Yapılan araştırmalara bakılırsa günde 2 saat açık havada vakit geçiren ve doğal güneş ışınlarına maruz kalan çocuklarda miyopik kırma kusuru daha yavaş ilerlediğini belirten Op. Dr. Altuğ, “Ayrıca dış ortamda geçirilen vakit çocukların daha fazlaca uzak aralıklara bakmaları ve gözlerini dinlendirmeleri için de fırsat sunmaktadır. Fakat güneş ışınlarından gelen ultraviyole ışınlarına bağlı uzun dönmemde gelişebilecek göz hasarı riskini azaltabilmek için şapka ve güneş gözlüğü takılmasına dikkat edilmelidir. Son olarak ekran karşısında iken gözlerimizi nemli tutabilmek için şuurlu olarak sık sık göz kırpılması ve gerekli durumlarda da yapay gözyaşı damlaları kullanılması tavsiye edilmektedir” dedi.
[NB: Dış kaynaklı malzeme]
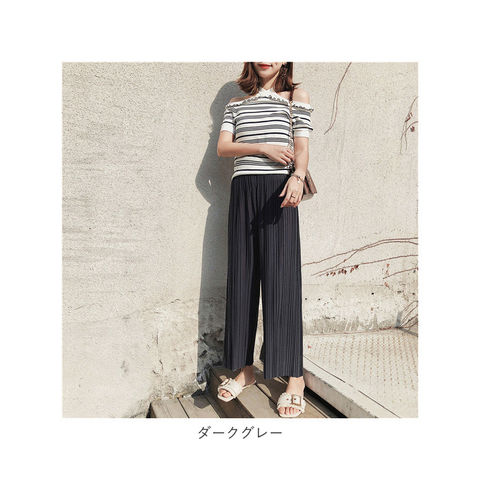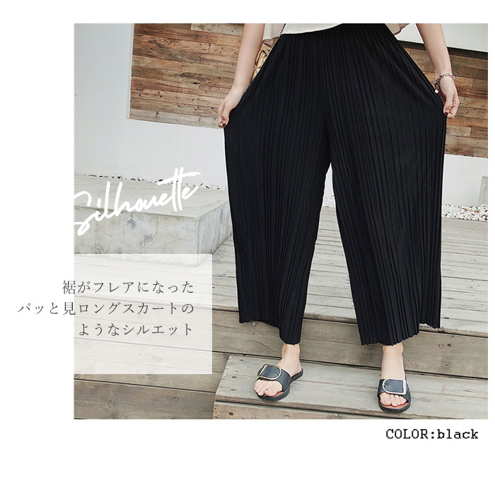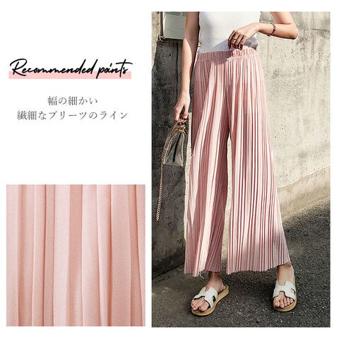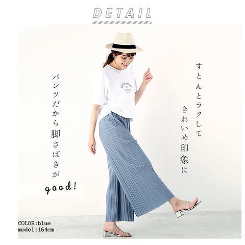 | 商品説明 | 歩くたびにサラサラと流れるような質感のプリーツがエレガント!ゆったり着こなせるキレイめマキシ丈ワイドパンツ。裾がフレアになったパッと見ロングスカートのようなシルエットで、動きやすいのに、大人っぽくてフェミニンな雰囲気に演出できる♪ハイウエストなデザインと、幅の細かい繊細なプリーツのラインですっきり足長に見せてくれる効果も♪腰回りや足のラインもゆったり包み込んでくれるので、体型カバー効果にも期待大!サラリと心地よい肌触りの生地で、ふんわり軽い履き心地。リラックスできるのにきちんと感もあるのが嬉しい!お仕事に、デートに、ママ友とのランチに!コーディネートの幅も広がる♪くるぶしが見え隠れする程よい丈感。サンダルやパンプスと合わせて、涼し気な足元のファッションも楽しめる。 |

ÇOCUKLARIN GÖZ MUAYENESİ AKSATILMAMALI
Her doğan çocuğun ömrünün birinci altıncı ayında ayrıntılı bir göz muayenesinden geçmesini öneren Op. Dr. Altuğ son olarak şunları söylemiş oldu:
“Bu sayede göz tembelliği yapabilecek birfazlaca durum ve kıymetli göz rahatsızlıkları saptanabilmektedir. Ayrıyeten her çocuk ilkokula başlamadan evvel ve daha sonrasındaki okul senelerında da en az yılda bir sefer göz muayenesi olmalıdır. Lakin belirlenmiş bir sorun yahut risk faktörü mevcut olduğu takdirde daha sık ortalarla da takip önerilebilir. Pandemi devrinde ise çocukların muayene sıklığı elimizde olmadan uzamış bulunmaktadır. Lakin pandemi önlemleri dahilinde bu denetimleri aksatmamaya çaba etmeliyiz. Aksi takdirde bu gecikmelerden dolayı biroldukça olumsuz durumla karşılaşabilmekteyiz.”